▶ [Raw data]:
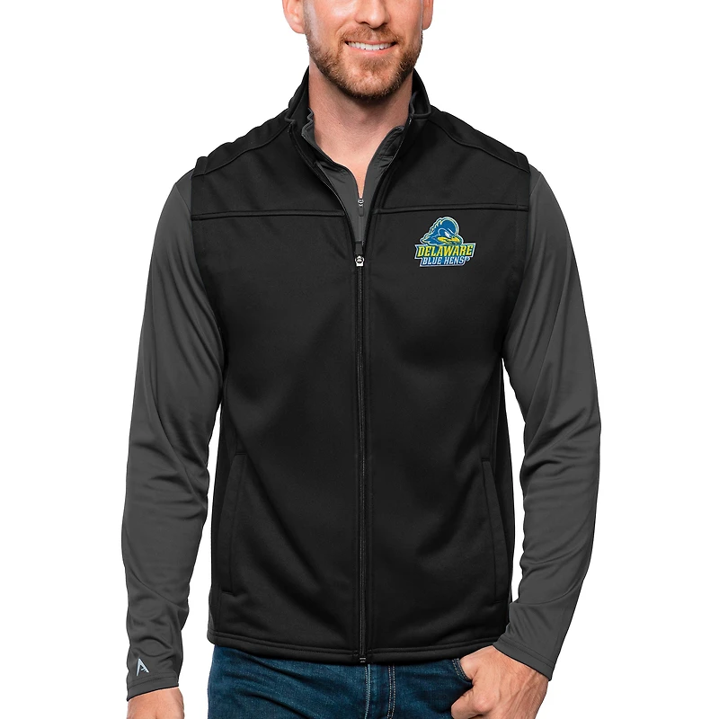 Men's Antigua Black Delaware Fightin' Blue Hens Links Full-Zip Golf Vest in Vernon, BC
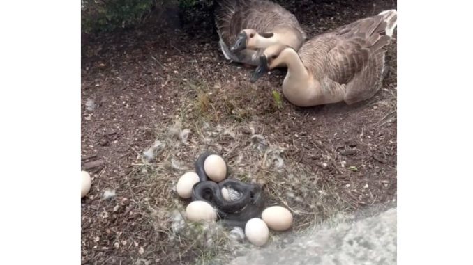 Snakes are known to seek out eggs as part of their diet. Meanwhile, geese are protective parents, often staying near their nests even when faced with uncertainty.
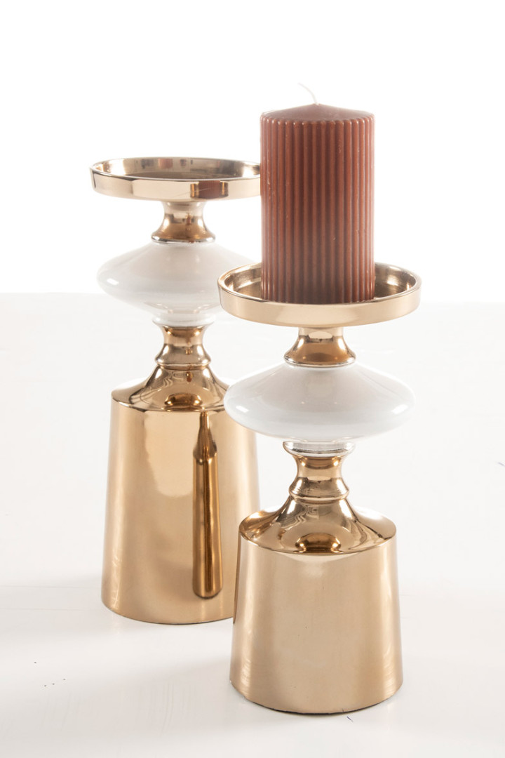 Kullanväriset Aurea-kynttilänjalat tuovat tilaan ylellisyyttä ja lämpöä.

▶ [Problem]: Faithful copy, images left out: write out every line of data.

▶ [Response]:
 Men's Antigua Black Delaware Fightin' Blue Hens Links Full-Zip Golf Vest in Vernon, BC
 Snakes are known to seek out eggs as part of their diet. Meanwhile, geese are protective parents, often staying near their nests even when faced with uncertainty.
 Kullanväriset Aurea-kynttilänjalat tuovat tilaan ylellisyyttä ja lämpöä.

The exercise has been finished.